Posted Mar 17, 2009 18:19 UTC (Tue) by droundy (subscriber, #4559) [Link]

Unless we can get programmers to learn APIs differently, I don't see how we can avoid providing them with a more helpful API if we want them to write robust programs.

I've been wondering whether we might be able to quantitatively describe a "robust" implementation of the POSIX API in terms of the published API in a way that is relatively easy to convey to its users. For instance, I'd like to know that if my application is written so as to behave correctly (as understood by myself and my users) in any scenario in which any subset of processes are abruptly killed, and the connection to the disk is severed at any time--assuming that the disk is always in a "correct" state at the time it is severed, in the sense of reflecting all IO preceding that point, and that all IO after that point has no effect on the disk, and fsync fails after that point--then my application is also robust in the event of a system crash. This is a relatively simple criterion of *application* robustness, which then could define *file system* robustness.

As an application developer, that's what I'd like to have assurance of. In the extremely common case that we don't care if data has actually hit disk (i.e. our application will work fine on a RAM disk), the latter scenario of severed disks is irrelevant, and we just want to know that the guarantees that POSIX provides with regard to the running system are preserved in case of crash. And that's something I can reason about. And it's even something I can test my application for without installing special non-robust file systems and pulling the plug on the computer.

How we learn APIs

Posted Mar 19, 2009 17:35 UTC (Thu) by anton (guest, #25547) [Link]
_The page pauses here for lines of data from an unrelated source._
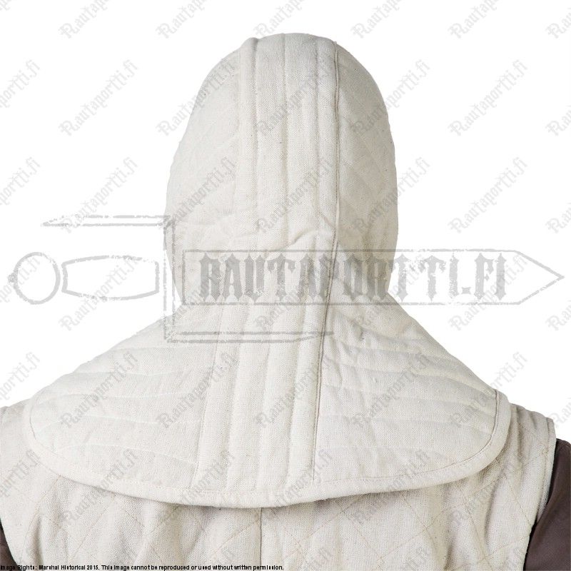 malli sopii niin ritarin kuin minkä tahansa muunkin soturin päähän. Hupun iso, olkapäille laskeutuva kaulus antaa lisäsuojaa kaulan, niskan ja hartioiden alueelle ja on omiaan isojen olkapäille ulottuvien kypärien, kuten bascinettien, alle. Suojahuppua voi käyttää useimpien kypärämallien alla tai ilman kypärää. Täydellinen lisä historianelävöittäjien ja keskiaikaharrastajien puvustukseen.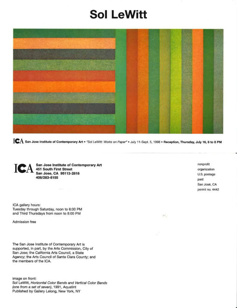 Richard Diebenkorn: Etchings: Process into Form opens on September 7, 1984. The exhibition featured recent etchings created by Diebenkorn at Crown Point Press in Oakland. Robert Tomlinson, Director of the San Jose ICA, would write in the exhibition catalogue that this show “offers the members of our community an opportunity to view the entire creative process, from casual sketch to finished print, of one of America’s finest artists.” The exhibition travels to the Milwaukee Art Museum in June 1985.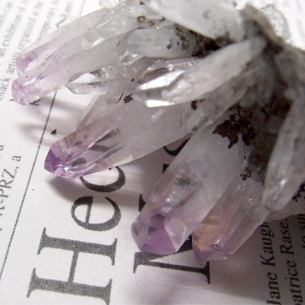 ブラジル産やウルグアイ産などのアメジストとは異なり、ポイントが細長く形成されるのが特徴です。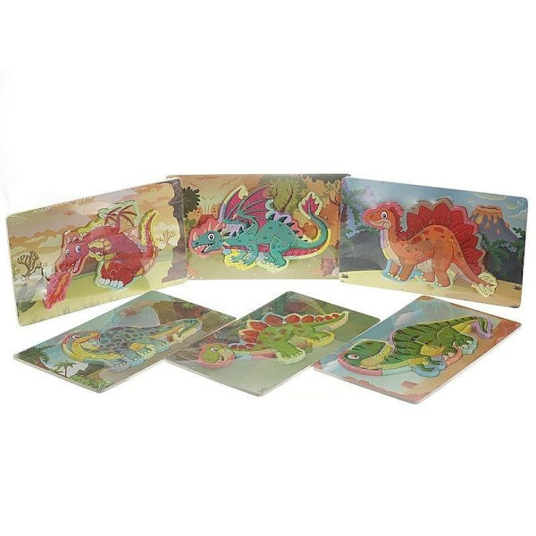 Pussel dinosaurier, stl. 28,5x36,5 cm, 35-69 brickor, 3 st./ 1 förp.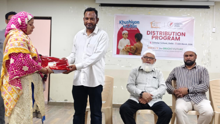 New Delhi: सोसाइटी फॉर ब्राइट फ्यूचर (Society for Bright Future), नई दिल्ली द्वारा “खुशियों के लिबास” शीर्षक से एक मानवीय सेवा कार्यक्रम का आयोजन स्कॉलर स्कूल में किया गया. इस कार्यक्रम के अंतर्गत लगभग 100 जरूरतमंद परिवारों को नए कपड़े और सेवई वितरित की गई, ताकि वे आने वाले ईद-उल-फितर के पावन अवसर को खुशी और सम्मान के साथ मना सकें.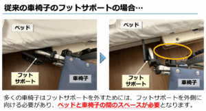 つまり、従来の車椅子の場合は、車椅子をベッドに寄せた際にフットサポートを外すために、再度、車椅子をベッドから離す必要があります。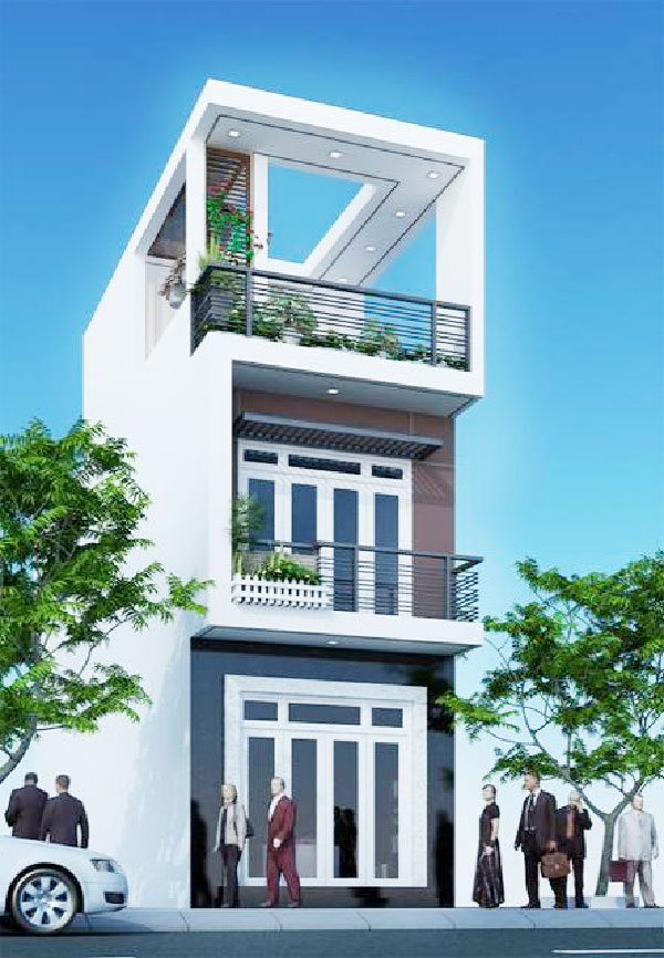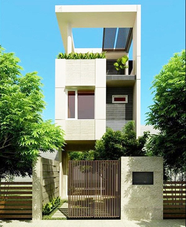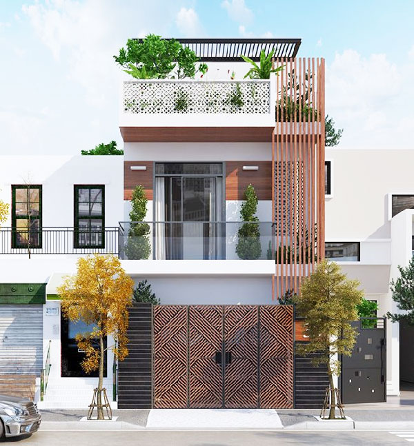 Theo đuổi phong cách hiện đại với ngôi nhà 1 trệt 1 lầu 1 tum, kiến trúc này áp dụng cho căn nhà mặt tiền rộng hơn, từ 6m đổ lên. Căn nhà này ấn tượng bởi hệ thống thanh lam được nối dài từ tầng 3 xuống đến tầng 2. Không chỉ có tác dụng tránh nóng, những thanh lam nay mang đến hiệu quả về mặt thẩm mỹ khi mang đến những đường nét khỏe khoắn cho ngôi nhà, phá đi sự quen thuộc của những ngôi nhà có mặt tiền liền kề hiện nay.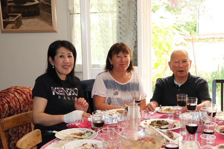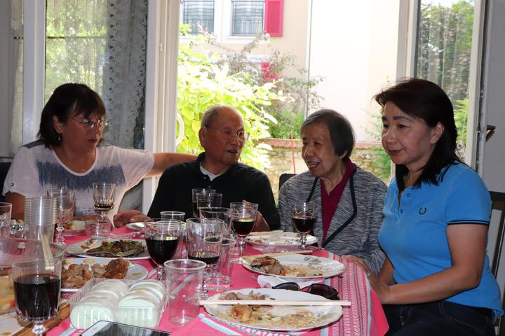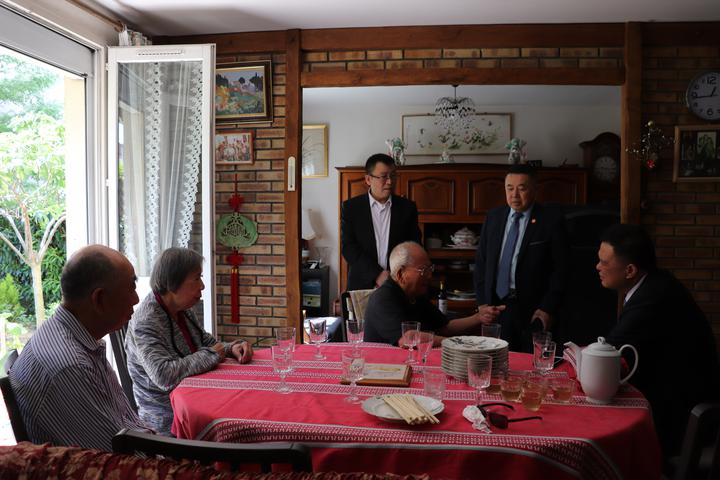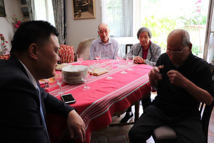翁老的法国老伴多年前先他而去,子孙辈都在法国不同城市生活工作,有一个孩子全家在英国。 他的生活起居都会自理。女儿会定时每周会来看望并照顾他…… 翁老说:新中国成立后,他回国参加国庆活动,至今保存着和中央领导的合照等等…… 看到翁老柜子里有很多中文书。问他:你读中文? 这次,通过任俐敏先生翻译,才知道翁老出国时丁字不识,他利用业余时间请一个留学生教了5年,学会的!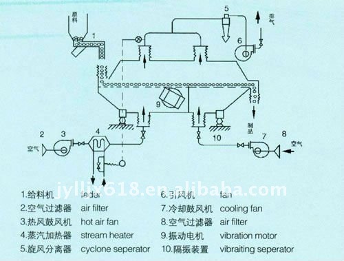 Raw material is fed into the fliud bed dryer from the inlet and moves forward continuously along with the level of fluidized-bed under the action of vibration.The hot air passes through fluidized-bed and carries out heat exchange with damp raw material.Then the damp qir is exhausted out through cyclone separator and duster the dry raw material is discharged through discharge outlet.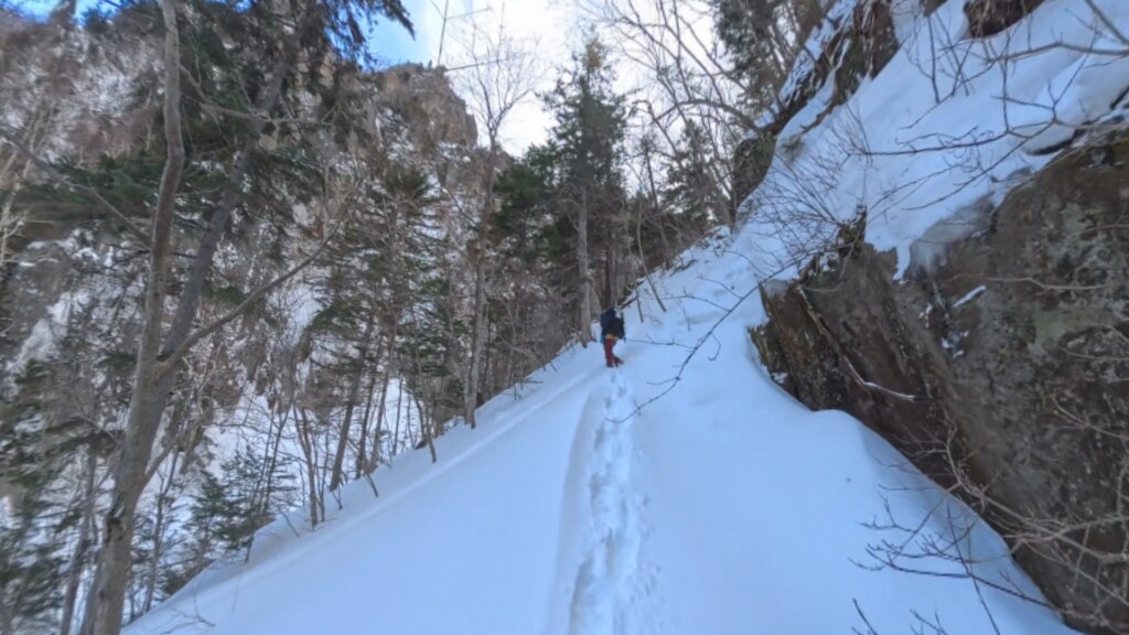 北海道上川町・層雲峡温泉街にある紅葉谷(もみじだに)は、冬になると深い雪に包まれ、通常の散策とはまったく違う白銀の森へと変わります。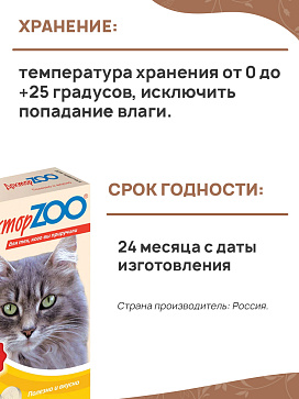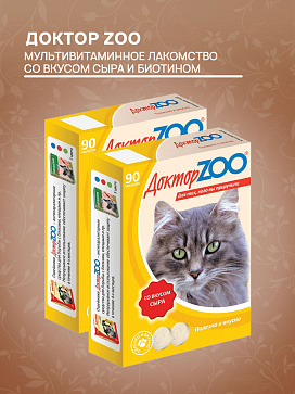 Лакомство для кошек ДОКТОР ZOO мультивитаминное со вкусом сыра, биотина (90 т х 2 шт)
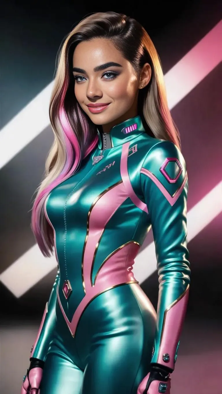 Craft hyperrealistic AI visuals with a futuristic teal-pink suit, long light brown hair with pink-blonde highlights, and silk-textured strands. Highlight detailed facial features—blue eyes, soft blush, and a warm smile—in a dynamic side-angle pose. Optimize AI-generated imagery for realism, style, and vibrancy using Vivago.ai’s advanced creative tools. Perfect for sleek, modern character design and high-quality digital art projects.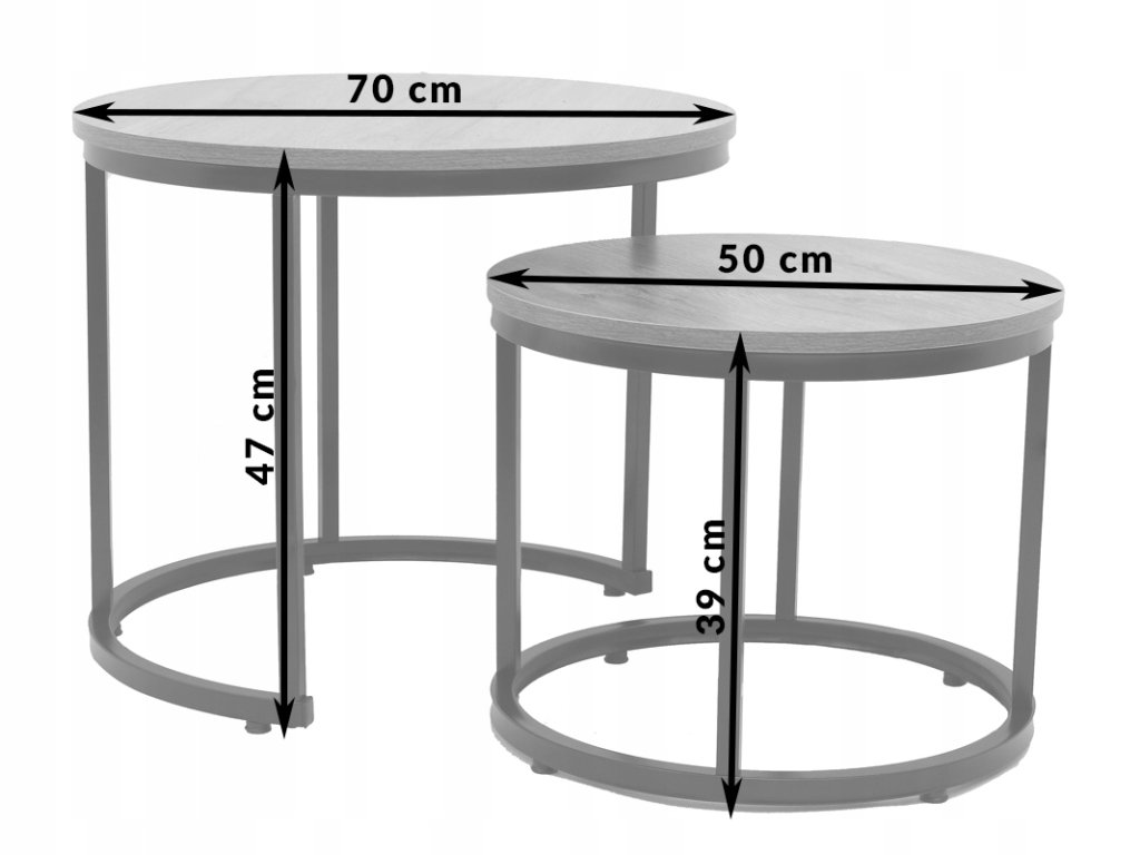 Väčší stolík s priemerom 70 cm a menší s priemerom 50 cm môžete umiestniť spolu pre efekt vrstvenia alebo samostatne podľa potreby a priestoru.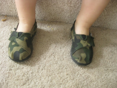 (But, honestly, it's not because of global consciousness, though I do dig that another kid has a pair of shoes because I bought these for Little Man. Our primary reason for buying these was a ginormous sale I found when I was able to get them for about ten bucks. I've been waiting months for them to fit. Aren't they adorable?!?)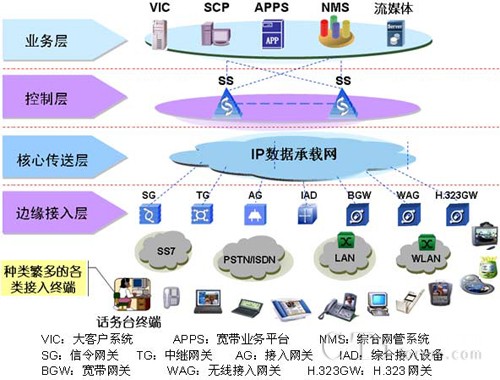 邊緣接入層:主要指與現(xiàn)有網(wǎng)絡(luò)相關(guān)的各種網(wǎng)關(guān)和新型接入終端設(shè)備,完成與現(xiàn)有各種類(lèi)型的通信網(wǎng)絡(luò)的互通并提供各類(lèi)通信終端(如模擬話(huà)機(jī)、SIP Phone、PC Phone、可視終端、智能終端等)到IP核心層的接入。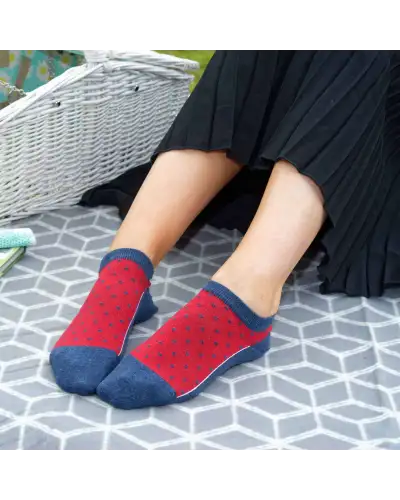 A timeless design made even more sustainable. The denim Polka women's organic trainer socks are a soft, stylish addition to your summer outfit. With their cherry red and denim polka dot design, these luxury women's socks offer impeccably made comfort and style.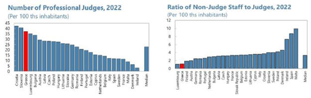 στην τρίτη θέση της ΕΕ σε αριθμό υπηρετούντων δικαστών σε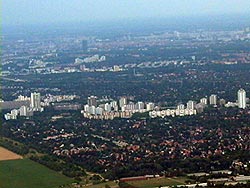 Luftaufnahme aus der Zeppelin-Untersuchungsstation am 23. April 2004: Die Staubwolken über dem Richardplatz sind klar zu erkennen. |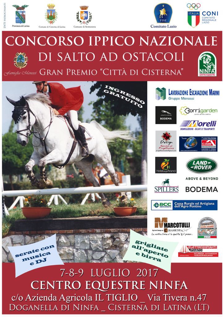 Si rinnova l’appuntamento con la grande equitazione a Cisterna. Questo weekend, presso il Centro Equestre Ninfa (azienda agricola “Il Tiglio”) si svolgeranno le gare del Gran Premio Città di Cisterna, concorso nazionale di salto ad ostacoli. Dopo il successo delle edizioni andate in scena la primavera scorsa, nell’incantevole struttura di via Tivera 47 torneranno ad affrontarsi circa 250 cavalli e cavalieri provenienti da ogni parte della Penisola. Promosso dal Centro Equestre Ninfa ASD della famiglia Menossi, dal MiPAAF (Ministero delle Politiche Agricole, alimentari e Forestali) e dalla F.I.S.E. (Federazione Italiana Sport Equestri), l’evento gode del patrocinio di Provincia di Latina e Comune di Cisterna. Le gare sono propedeutiche per le finali del circuito sportivo 2017 F.I.S.E. che si terranno nel corso della prossima edizione di Fiera Cavalli Verona. Oggi e domani cominceranno le gare dalla mattina fino alla prima serata, tutte ad ingresso gratuito per il pubblico. Dopo lo spettacolo dei cavalli, spazio ai concerti di musica dal vivo, dj set e grigliate all’aperto per un evento da vivere fino a tarda serata. “Siamo di nuovo pronti – dice Gabriele Menossi – ad accogliere nella nostra struttura un altro prestigioso evento di sport, natura, spettacolo ed intrattenimento, al quale invitiamo tutti a partecipare”.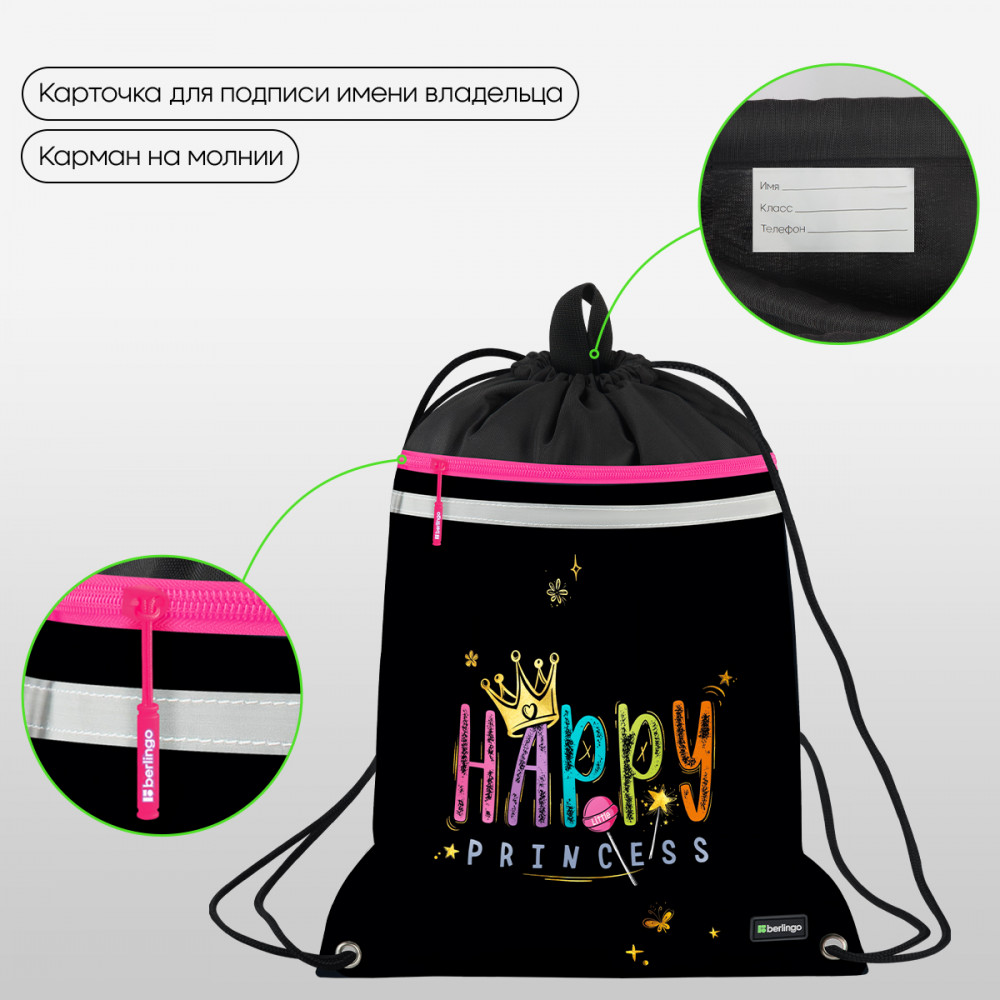 💳 Оплатить за товар можно при получении 🇰🇿 Есть бесплатная доставка по Казахстану от 1 дня 🎁 Копите бонусы с каждой покупки Серия: Candy Princess Вместительный мешок для обуви Berlingo оснащён прочными шнурками, светоотражающей полосой, вентиляционной сеточкой, передним карманом (34×34 см) на молнии и петлей для подвешивания, а также имеет бирку для подписи имени, класса и телефона. Размер изделия 36×46 см. Модель изготовлена из плотного полиэстера. Световозвращающие элементы обезопасят ребенка в тёмное время суток. Мешок идеален как для зимней обуви, так и для спортивной экипировки. |

What you describe sounds very simular to what in-order semantics provides.

How we learn APIs

Posted Mar 20, 2009 13:53 UTC (Fri) by droundy (subscriber, #4559) [Link]

Yes, that exactly describes the semantics I'd like--and the page even gives the same reasoning for it. It seems so obvious that this should be the goal of a file system!

(Although I can see an appeal to relaxing the in-order constraint for IO from different processes... one ought to be able in principle to do that while maintaining in-order semantics if one were to examine locks---and information flow in general---to ensure that you didn't reorder IO that could be causally related.)

How we learn APIs

Posted Mar 20, 2009 18:36 UTC (Fri) by anton (guest, #25547) [Link]

Although I can see an appeal to relaxing the in-order constraint for IO from different processes
Well, given that Unix applications often create lots of processes that interact in lots of interesting ways (think shell scripts), I think it's just too hard to find out when two operations are independent. I also don't think that this relaxation buys much if the in-order constraint is implemented efficiently (by combining a large batch of operations and commiting them together).

How we learn APIs

Posted Mar 17, 2009 20:04 UTC (Tue) by nix (subscriber, #2304) [Link]

The only programming community I know that actually works as you suggest
is the Ada community, and that's because their systems tend to be 'system
fails, people die' sorts of embedded systems (or 'system fails, N-million-
dollar missile falls out of the sky'). That tends to breed paranoia and a
desire to actually know the damn standard before you write code.

Everywhere else, it's a minority who even know the standard *exists*, let
alone reference it regularly, and it's a very small minority who've
actually read the whole thing.

I, too, wish this was not true (I spend much too much of my time at work
cleaning up after these bozos), but I can see no useful way to fix it. In
a corporate setting mandatory code reviews with a flunk-too-often-and-
you're-fired rule might work, but I wouldn't want to work there: morale
would be appalling.

How we learn APIs

Posted Mar 17, 2009 21:44 UTC (Tue) by man_ls (subscriber, #15091) [Link]

And there is a reason that critical code can be as much as 10 times as expensive as regular business code. Working that way (learning your standard by heart before starting to work) can be much more expensive than the usual corporate style of "write, then fix". On the other hand it is better to write correct code than to "write, then fix". There is a sweet spot somewhere in between.

Learning APIs by writing unit tests?

Posted Mar 18, 2009 11:25 UTC (Wed) by emk (guest, #1128) [Link]

Over the years, I've become a bit cynical about standards and documentation. When I rely on a standard, I find that nobody implements it correctly. (Witness, oh, every C++ compiler from 1992 to 2002.) When I rely on documentation, I find that it's a pack of useless lies. (The worst offenders: Hardware databooks, which often have no bearing on reality whatsoever.)

So now I take a different approach: I write lots of unit tests, and I set up buildbots for any platform I need to support.

This leads to lots of interesting discoveries. For example, under Windows Vista, pretty much any file system operation can fail for no apparent reason, and it may need to be retried until it works.

There are two exceptions to this rule: Security, and data integrity. You can't ensure either with unit tests. You must also understand both the official documentation and the reality of common implementations. (My nastiest surprise so far: There are snprintf implementations on some legacy Unix platforms that ignore the buffer size parameter, exposing every caller of snprintf to an overflow attack. If you rely on snprintf on old Unix platforms, it might be worth writing a unit test that checks to see if it works.)